EXERCISE DESCRIPTION
Repeat every record below exactly, leaving out the pictures.

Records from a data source
***

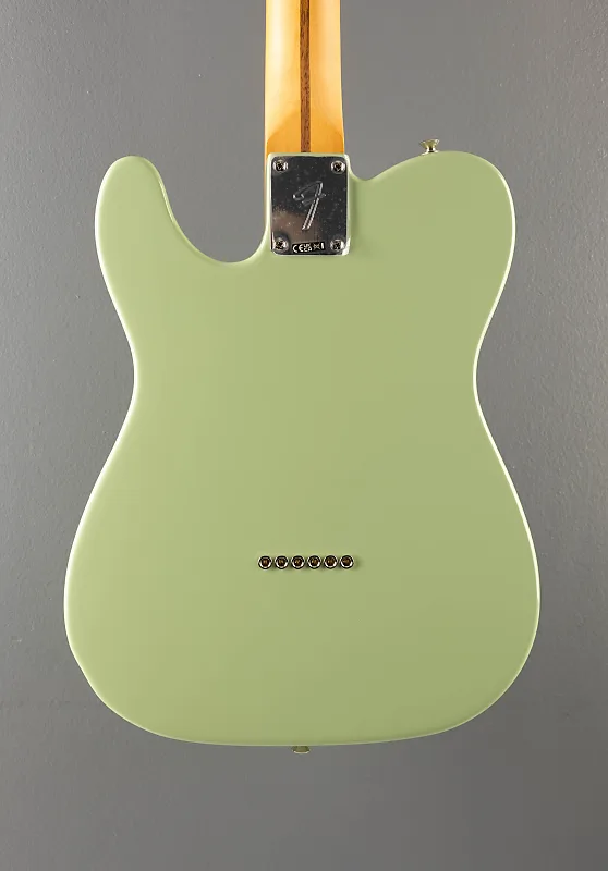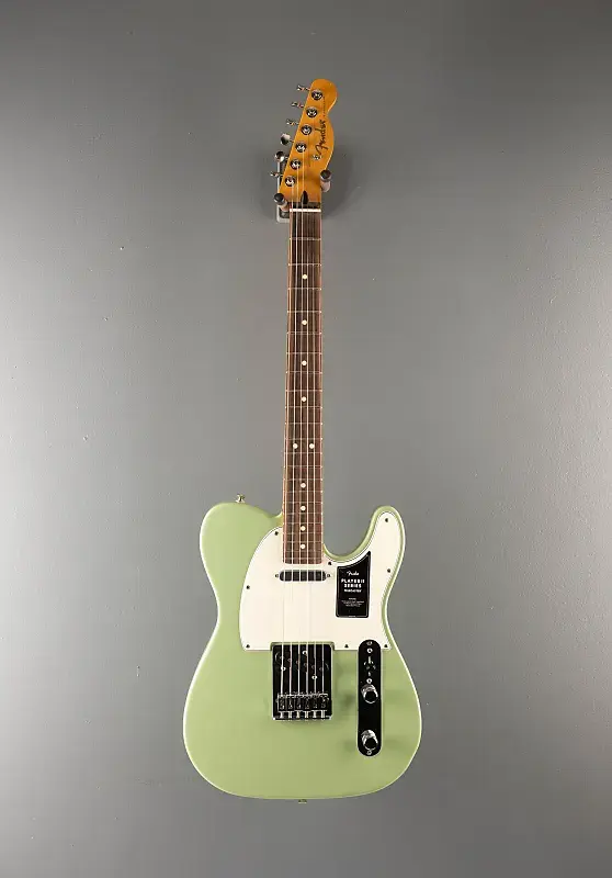 Цвет Birch Green, корпус из ольхи, гриф из клена формы Modern C с радиусом 9,5" и накладкой из палисандра с точечными инкрустациями, лады Medium Jumbo, длина мензуры 25,5", ширина порожка 1,650", звукосниматели Player Series Alnico 5 Tele Single-Coil на бридже и грифе, 3-позиционный переключатель с регуляторами громкости и тона, 6-седельный телебридж String-Through-Body с блоковыми стальными седлами, тюнеры Fender ClassicGear, вес 7,2 фунта, чехол в комплект не входит.
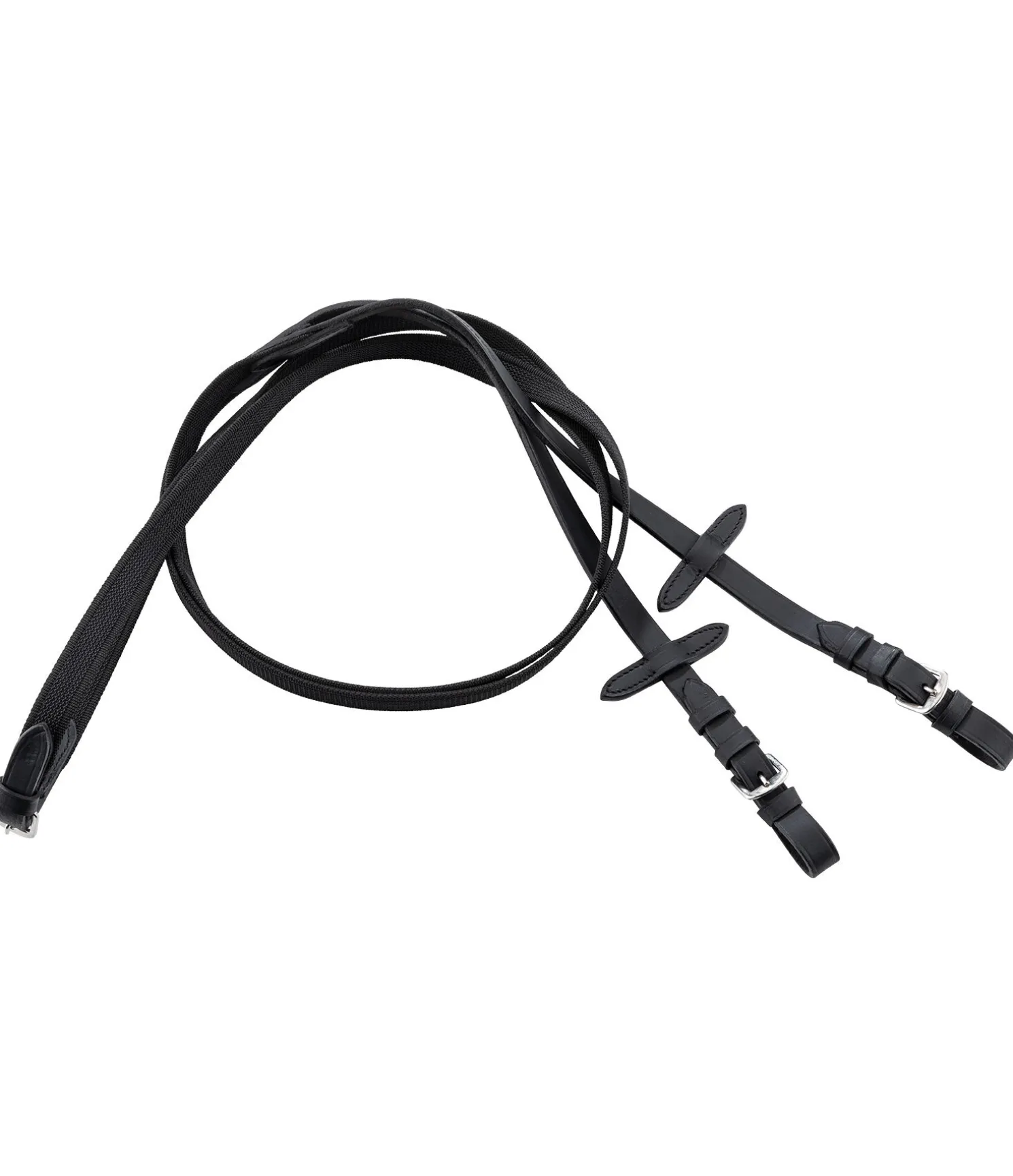 Rênes en cuir véritable agréables en main. Revêtement caoutchouté antidérapant et extrémités en cuir gras particulièrement souple. Arrêtoirs de martingale. Bouclerie argentée. Largeur 1,9 cm, longueur : C (poney) = 280 cm, F (cheval)= 290 cm.
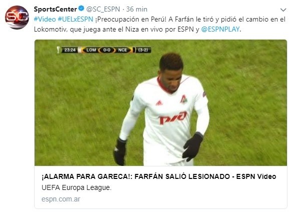 La Foquita tuvo que abandonar el campo de juego cuando se llevaban apenas 23 minutos disputados del duelo entre el Lokomotiv de Moscú y Niza, correspondiente a los dieciseisavos de final de la Europa League.
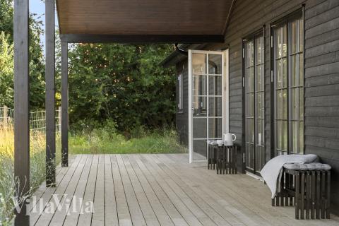 Detta rymliga, moderna sommarhus är byggt för närvaro, samvaro och minnesvärda upplevelser. En semester här innebär lugn och ro och avkoppling framför allt annat. Fönstren sträcker sig från golv till tak och släpper in ljuset utifrån för en naturnära inomhusmiljö, samtidigt som de klara färgerna och kvalitetsmaterialet skapar en inbjudande och avslappnande atmosfär. Ni kan samlas för att laga mat i det välutrustade köket, spendera långa middagar tillsammans vid matbordet och ta det lugnt i alkoven med en bra bok eller ett brädspel. Morgonkaffet kan avnjutas på terrassen medan barnen leker i trädgården, och de långa sommarkvällarna blir endast ljusare och varmare i glöden från grillen.
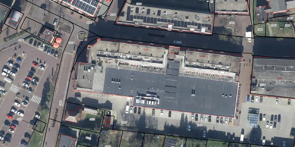 Het perceel waarop Kerkstraat 48 staat heeft een oppervlakte van 8124 m². Dit is een zeer groot perceel. De perceeloppervlakte wordt geregistreerd door het Kadaster. Gedetailleerde informatie over de maten van dit perceel kunt u vinden in het rapport Kadastrale kaart met maatvoering van Kerkstraat 48.
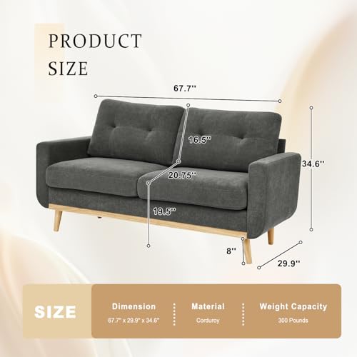 Mid-Century Modern Design for Small Spaces:This 67 compact loveseat blends mid-century modern elegance with tapered solid wood legs and button-tufted detailing. Perfect for small apartments, living rooms, bedrooms, or offices, its clean lines maximize space while adding timeless sophistication to any decor
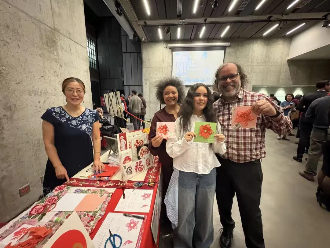 今年的来宾中年轻面孔更加亮眼。在书法、剪纸互动区,小朋友们争先恐后练写汉字、体验剪纸,老师们边示范边讲述中国文化,现场呈现文化交融的生动画面。
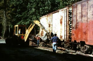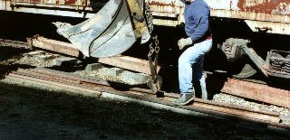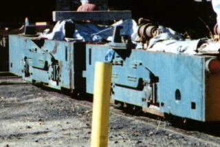 Moving rail - the men were installing track in the car barn. |

***

TASK OUTPUT
 Цвет Birch Green, корпус из ольхи, гриф из клена формы Modern C с радиусом 9,5" и накладкой из палисандра с точечными инкрустациями, лады Medium Jumbo, длина мензуры 25,5", ширина порожка 1,650", звукосниматели Player Series Alnico 5 Tele Single-Coil на бридже и грифе, 3-позиционный переключатель с регуляторами громкости и тона, 6-седельный телебридж String-Through-Body с блоковыми стальными седлами, тюнеры Fender ClassicGear, вес 7,2 фунта, чехол в комплект не входит.
 Rênes en cuir véritable agréables en main. Revêtement caoutchouté antidérapant et extrémités en cuir gras particulièrement souple. Arrêtoirs de martingale. Bouclerie argentée. Largeur 1,9 cm, longueur : C (poney) = 280 cm, F (cheval)= 290 cm.
 La Foquita tuvo que abandonar el campo de juego cuando se llevaban apenas 23 minutos disputados del duelo entre el Lokomotiv de Moscú y Niza, correspondiente a los dieciseisavos de final de la Europa League.
 Detta rymliga, moderna sommarhus är byggt för närvaro, samvaro och minnesvärda upplevelser. En semester här innebär lugn och ro och avkoppling framför allt annat. Fönstren sträcker sig från golv till tak och släpper in ljuset utifrån för en naturnära inomhusmiljö, samtidigt som de klara färgerna och kvalitetsmaterialet skapar en inbjudande och avslappnande atmosfär. Ni kan samlas för att laga mat i det välutrustade köket, spendera långa middagar tillsammans vid matbordet och ta det lugnt i alkoven med en bra bok eller ett brädspel. Morgonkaffet kan avnjutas på terrassen medan barnen leker i trädgården, och de långa sommarkvällarna blir endast ljusare och varmare i glöden från grillen.
 Het perceel waarop Kerkstraat 48 staat heeft een oppervlakte van 8124 m². Dit is een zeer groot perceel. De perceeloppervlakte wordt geregistreerd door het Kadaster. Gedetailleerde informatie over de maten van dit perceel kunt u vinden in het rapport Kadastrale kaart met maatvoering van Kerkstraat 48.
 Mid-Century Modern Design for Small Spaces:This 67 compact loveseat blends mid-century modern elegance with tapered solid wood legs and button-tufted detailing. Perfect for small apartments, living rooms, bedrooms, or offices, its clean lines maximize space while adding timeless sophistication to any decor
 今年的来宾中年轻面孔更加亮眼。在书法、剪纸互动区,小朋友们争先恐后练写汉字、体验剪纸,老师们边示范边讲述中国文化,现场呈现文化交融的生动画面。
 Moving rail - the men were installing track in the car barn. |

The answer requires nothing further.